Wangari Maathai has always had an affinity for trees. As a child, she learned from her grandmother that a large fig tree near her family home in central Kenya was sacred and not to be disturbed. She gathered water for her mother at springs protected by the roots of trees. In the mid-1970s, Maathai, in an effort to meet the basic needs of rural women, began to plant trees with them. Her non-governmental Green Belt Movement has planted 30 million trees across Kenya, many of which still stand. In 2004 her work was internationally recognized with the Nobel Peace Prize.

“As trees grow, they give you hope and self-confidence,” Maathai said recently. “You feel good, like you have transformed the landscape.” So it should come as no surprise that within an hour of learning she had won the peace prize for her contribution to sustainable development, democracy, and peace, Maathai planted a tree. It was a nandi flame tree native to her home region of Nyeri, Kenya, where Maathai was when she heard the news. Never one to stand on ceremony, she knelt on the earth and dug her hands into the red soil, warm from the sun, and settled the tree into the ground. It was, she told the journalists and onlookers gathered, “the best way to celebrate.”

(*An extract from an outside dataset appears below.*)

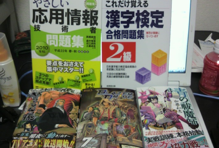 漫画じゃない方の本は見ての通り、応用情報と漢検の本です。

I was with Maathai that day. Rubbing the dirt from her hands, she took the occasion to turn her message to the world: “Honor this moment by planting trees,” she said as the media jammed her cell phone. “I’m sure millions of trees would be planted if every friend of the environment, and especially of me, did.”

Putting the pieces together

It was in the mid-1970s that Maathai became aware of Kenya’s ecological decline: watersheds drying up, streams disappearing, and the desert expanding south from the Sahara. On visits to Nyeri she found streams she had known as a child gone—dried up. Vast forests had been cleared for farms or plantations of fast-growing exotic trees that drained the ecosystem of water and degraded the soil.

Maathai began making connections others hadn’t. “Listening to the women talk about water, about energy, about nutrition, it all boiled down to the environment,” she told me recently. “I came to understand the linkage between environmental degradation and the felt needs of the communities.”

She hit on the idea of using trees to replenish the soil, provide fuel wood, protect watersheds and promote better nutrition (through growing fruit trees). “If you understand and you are disturbed, then you are moved to action,” she says. “That’s exactly what happened to me.”

Maathai set up a tree nursery in Karura Forest on the outskirts of Nairobi, later shifting it to her backyard. But the idea did not catch fire. In her book, The Green Belt Movement: Sharing the Approach and the Experience, Maathai recounts bringing seedlings to the annual agricultural show in Nairobi in 1975. A number of people expressed interest in tree planting. Not one, though, followed up.

Disappointed, but not deterred, the National Council of Women of Kenya urged her to pursue the idea and in 1977, the Green Belt Movement was born. Planting trees seemed “reasonable, doable,” she says. But government foresters initially resisted. They didn’t believe uneducated rural women could plant and tend trees.